Parameters for EMASE Pipeline

  • --pubdir

    • Default: /<PATH>
    • Comment: The directory that the saved outputs will be stored.
  • -w

    • Default: /<PATH>
    • Comment: The directory that all intermediary files and nextflow processes utilize. This directory can become quite large. This should be a location on /fastscratch or other directory with ample storage.
  • --csv_input

    • Default: null
    • Comment: Provide a CSV manifest file with the header: "sampleID,lane,fastq_1,fastq_2". See below for an example file. Fastq_2 is optional and used only in PE data. Fastq files can either be absolute paths to local files, or URLs to remote files. If remote URLs are provided, * --download_data can be specified.
  • --sample_folder

    • Default: /<PATH>
    • Comment: The path to the folder that contains all the samples to be run by the pipeline. The files in this path can also be symbolic links.
  • --extension

    • Default: .fastq.gz
    • Comment: The expected extension for the input read files.
  • --pattern

    • Default: "*_R{1,2}*"
    • Comment: The expected R1 / R2 matching pattern.

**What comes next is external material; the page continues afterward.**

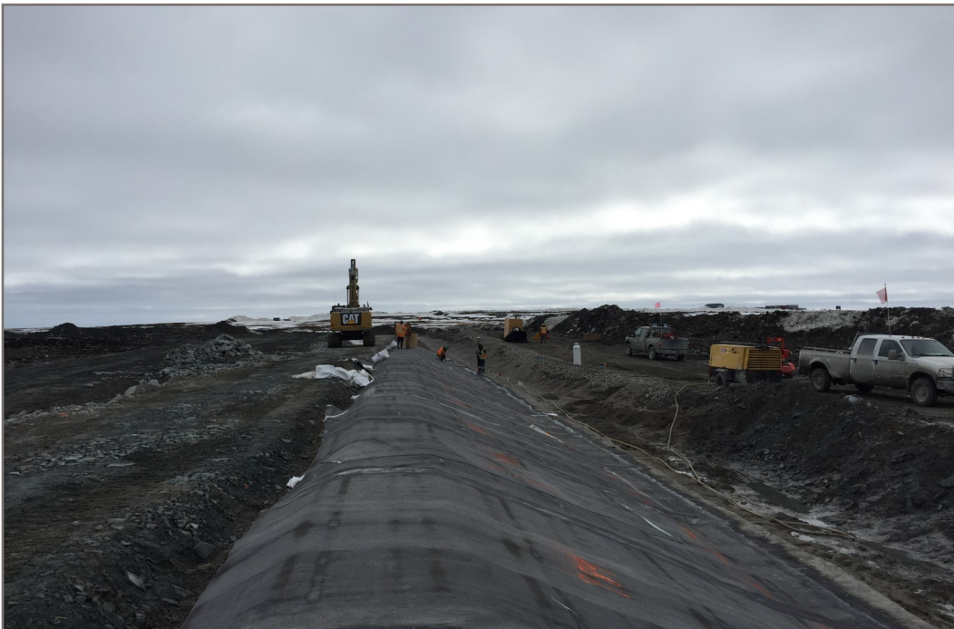
Photo 22: Phase 2 liner placement View from Station 1+100 facing down chainage

The default value will match reads with names like this READ_NAME_R1_MoreText.fastq.gz or READ_NAME_R1.fastq.gz
  • --read_type

    • Default: PE
    • Comment: Options: PE and SE. Type of reads: paired end (PE) or single end (SE).
  • --concat_lanes

    • Default: false
    • Comment: Options: false and true. If this boolean is specified, FASTQ files will be concatenated by sample. Used in cases where samples are divided across individual sequencing lanes.
  • --concat_sampleID_delim

    • Default: "_"
    • Comment: The delimited to split FASTQ file names.
  • --concat_sampleID_positions

    • Default: "1"
    • Comment: The number of elements to keep after splitting on the chosen delimiter in the sample name.
  • --genome_build

    • Default: GRCm39
    • Comment: Options: GRCm39 or GRCm38.
  • --bowtie_index

    • Default: /projects/compsci/omics_share/mouse/GRCm39/transcriptome/indices/imputed/rel_2112_v8/bowtie/bowtie.transcripts
    • Comment: Path to the bowtie index. Include the bowtie prefix in this path (e.g., /path/to/bowtie.transcripts where bowtie.transcripts.* are the full set of index files in the directory.
  • --transcripts_info

    • Default: /projects/compsci/omics_share/mouse/GRCm39/supporting_files/emase_gbrs/rel_2112_v8/emase.fullTranscripts.info
    • Comment: A file containing all transcript IDs. NOTE: These IDs must not contain haplotype IDs. This file must also have a 'length' column. Note that 'length' is not used in this context. ONLY IDs are used from this file. Can be obtained from prepare_emase workflow (emase.fullTranscripts.info)
  • --gbrs_strain_list

    • Default: "A,B,C,D,E,F,G,H"
    • Comment: A list of haplotype names corresponding to genomes used in hybrid genome construction (e.g., 'A,B,C,D,E,F,G,H').
  • --gene2transcript_csv

    • Default: /projects/compsci/omics_share/mouse/GRCm39/supporting_files/emase_gbrs/rel_2112_v8/emase.gene2transcripts.tsv
    • Comment: A file containing all gene to transcript ID translations. NOTE: These IDs must not contain haplotype IDs. Can be obtained from prepare_emase workflow (emase.gene2transcripts.tsv)
  • --full_transcript_info

    • Default: /projects/compsci/omics_share/mouse/GRCm39/supporting_files/emase_gbrs/rel_2112_v8/emase.pooled.fullTranscripts.info
    • Comment: A file containing all transcript IDs with transcript lengths. NOTE: These IDs must contain haplotype IDs. Can be obtained from prepare_emase workflow (emase.pooled.fullTranscripts.info)
  • --emase_model

    • Default: '4'
    • Comment: Options:(1, 2, 3, 4). 1: reads are apportioned among genes first, then between alleles, and then among isoforms. 2: reads are apportioned among genes first, then among isoforms, and then between alleles. 3: reads are apportioned among genes first, then among each isoform-allele combination.

Pipeline Default Outputs

NOTE: * Represents a wild card that is a placeholder for values that will be filled by input file names and/or parameters when the pipeline is run.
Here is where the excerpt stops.